15 kwietnia 2019 r. był dniem, który wstrząsnął nie tylko Paryżem. Wieczorem, około godziny dziewiętnastej, na dachu katedry Notre-Dame wykryto ogień. Pożar szybko rozprzestrzenił się, obejmując cały dach świątyni. Jednemu z najsłynniejszych zabytków świata groziła zagłada.

Akcja ratunkowa trwała cały wieczór i całą noc. Dopiero o czwartej nad ranem strażnicy ogłosili, że pożar został ugaszony. Chociaż zabytki znajdujące się wewnątrz katedry zostały w porę wyniesione i ocalały, zniszczenia i tak były ogromne. M.in. przepadł cały dach zbudowany z ośmiusetletnich dębów. Zawaliła się również charakterystyczna iglica z XIX wieku zbudowana według projektu architekta Eugene'a Viollet-le-Duca.

Odbudowa katedry Notre-Dame

Przywrócenie katedrze Notre-Dame jej poprzedniej świetności stało się dla Francji sprawą prestiżową. Prezydent Emmanuel Macron ogłosił, że świątynia zostanie ponownie otwarta dla zwiedzających już w 2024 r.

Ten bardzo ambitny termin wymusił błyskawiczne rozpoczęcie prac nad odbudową katedry. By nic ich nie zakłócało, zamknięto nie tylko zabytek, ale i całą okolicę. Dla przechodniów i turystów niedostępny stał się plac przed świątynią oraz otaczające ją uliczki.

Prace postępowały szybko. Uprzątnięto nawę główną, budowla została przykryta, ściany wsparte. Rozpoczęto również wznoszenie rusztowań niezbędnych do odbudowy dachu.

Niezwykłe znalezisko w Notre-Dame

W marcu tego roku, w czasie prac w samym środku katedry archeolodzy natrafili na niezwykłe znalezisko.

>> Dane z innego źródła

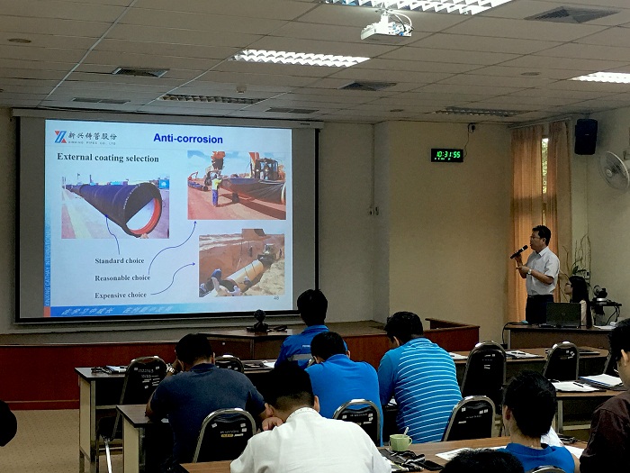 Ông Li Hua Cheng – chuyên gia kỹ thuật đại diện Công ty TNHH Ống gang cầu Xinxing tham gia diễn trình, bà Chomnaporn Sombun phụ trách phòng thiết kế và ông Pongsak Diaowilai phụ trách bộ phận kinh doanh Công ty cấp nước Chiang Mai số 9 PWA cùng hơn 50 cán bộ nhân viên của các phòng ban tham dự cuộc họp giao lưu kỹ thuật lần này. Ông Li Hua Cheng đã trình bày, phân tích chi tiết về kỹ thuật, lắp đặt, sửa chữa và những ưu điểm của Ống gang cầu so với những nguyên vật liệu khác dựa trên kiến thức lý thuyết, thao tác thực tế cũng như những công trình điển hình.

Odkrycia dokonano w miejscu, gdzie transept, czyli nawa poprzeczna krzyżuje się z nawą główną. Przed postawieniem rusztowań musiano sprawdzić, czy podłoga jest odpowiednio wytrzymała.

Okazało się wówczas, że tuż pod nią znajduje się kilka grobowców z XIV wieku. Między nimi zaś stał ołowiany sarkofag. Jak napisano w komunikacie francuskiego ministerstwa kultury, znalezisko ma „nadzwyczajną wagę naukową”.

Co kryje średniowieczny sarkofag znaleziony w Notre-Dame?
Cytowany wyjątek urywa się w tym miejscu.